Abstract
Background The ability to predict COVID-19 patients’ level of severity (death or survival) enables clinicians to prioritise treatment. Recently, using three blood biomarkers, an interpretable machine learning model was developed to predict the mortality of COVID-19 patients. The method was reported to be suffering from performance stability because the identified biomarkers are not consistent predictors over an extended duration.
Methods To sustain performance, the proposed method partitioned data into three different time windows. For each window, an end-classifier, a mid-classifier and a front-classifier were designed respectively using the XGboost single tree approach. These time window classifiers were integrated into a majority vote classifier and tested with an isolated test data set.
Results The voting classifier strengthens the overall performance of 90% cumulative accuracy from a 14 days window to a 21 days prediction window.
Conclusions An additional 7 days of prediction window can have a considerable impact on a patient’s chance of survival. This study validated the feasibility of the time window voting classifier and further support the selection of biomarkers features set for the early prognosis of patients with a higher risk of mortality.
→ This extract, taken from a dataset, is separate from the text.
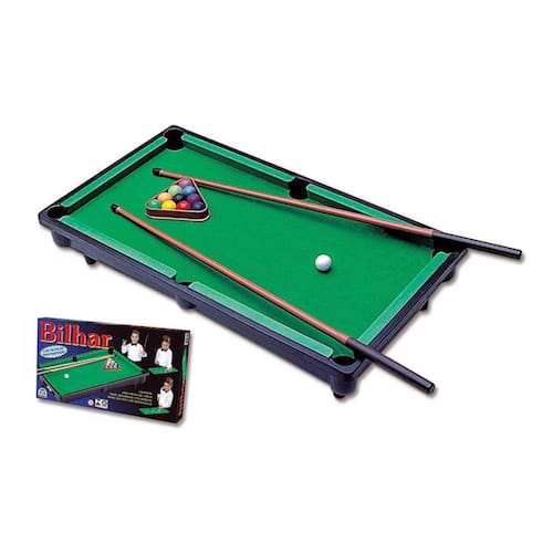 Mini Mesa De BilharUm jogo de competição onde os jogadores irão executar as habilidades através da prática de pontaria e da precisão de movimentos.Fácil de carregar, você pode levar o mini bilhar a qualquer lugar para jogar e fazer as competições mais emocionantes com seus amigos!Preço por UnidadeCaracterísticas- Material do pano: Veludo- Material da mesa: Plástico- Tacos com pontas emborrachadas- Bolas e tacos feitos de plásticoDetalhes do produto- Possui pezinho para encaixe- Recomendado para crianças a partir de 4 anos- Contém : 2 tacos, 1 triangulo, 10 bolas coloridas + 1 bola branca- Possui selo do inmetro: E-BRI/IQB-5868 NM 300/2002 OCP 0006- Na caixa do brinquedo vem explicado quantos pontos cada cor vale.Observação- Este brinquedo só deve ser entregue à criança após ter sido montado por um adulto- Todas as crianças devem ter acompanhamento de adultos enquanto estiverem brincando
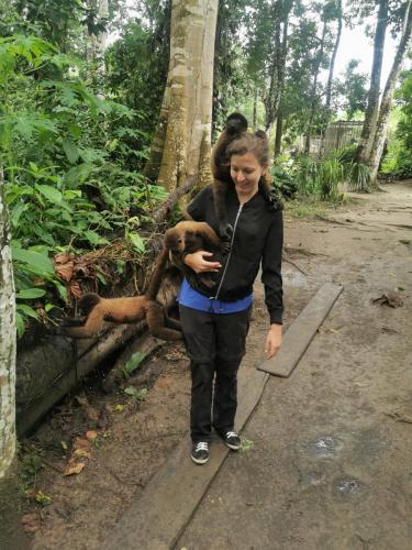 We went to the center located outside of Iquitos by a local bus, which is still a unique experience. A grumpy spanish guide told us that they have a german volunteer and quickly brought us to him. On the way we saw some of the other animals, like monkeys. The center is keeping them for a couple of months before releasing them to the nearby island, “La Isla de los Monos”. But more about the monkeys later on… ๐๐

There is an urgent need to assess the likelihood of a COVID-19 patient dying from the disease and to support the decisions for prioritising treatment and resource planning in the hospital. Recently Yan et al. (2020) and his team used machine learning tools to identify three biomarkers − lactic dehydrogenase, lymphocyte and high-sensitivity C-reactive protein − reported to predict the severity of the disease in individual patients more than 10 days in advance with more than 90% accuracy. Their training set consists of 375 cases of which 201 (53.6%) survived and 174 (46.4%) died. Their algorithm was developed using the last complete blood test data. However, a recent study has suggested that the performance degraded over a longer predictive window and suffered from a high level of fluctuation (Huang et al., 2020). The assumption that the same biomarkers are consistent predictors over an extended duration is unrealistic. Biomarkers in a different time frame reveal different stages of illness as each stage is characterised by specific biochemical alterations (Marcello & Luisa, 2020). Using only the last complete blood test data suffers from information loss and lower predictive performance over an extended time window. To sustain the performance, this study proposes to use all the available data to minimise information loss by designing three classifiers based on samples over three different time windows. Subsequently, the classifiers are integrated into a majority vote classifier to optimise performance (Lam & Suen, 1997).
MATERIALS AND METHODS
Data Collection
For this study, we used the data in Yan et al. (2020). The medical data of all patients were collected from hospitals in Wuhan, China between 10 January and 18 February 2020 using standard case report forms that included epidemiological, demographic, clinical, laboratory and mortality outcome information (Yan et al., 2020). Only the laboratory, mortality outcome and days to outcome fields were used for modelling, validating and testing. The data consists of 375 patients with 201 (53.6%) discharged and 174 (46.4%) deceased. In total 75 blood sample features were sparingly recorded across the data set. The minimal and maximal follow-up times (from admission to hospital to death or discharge) for the patients are 0 to 35 days.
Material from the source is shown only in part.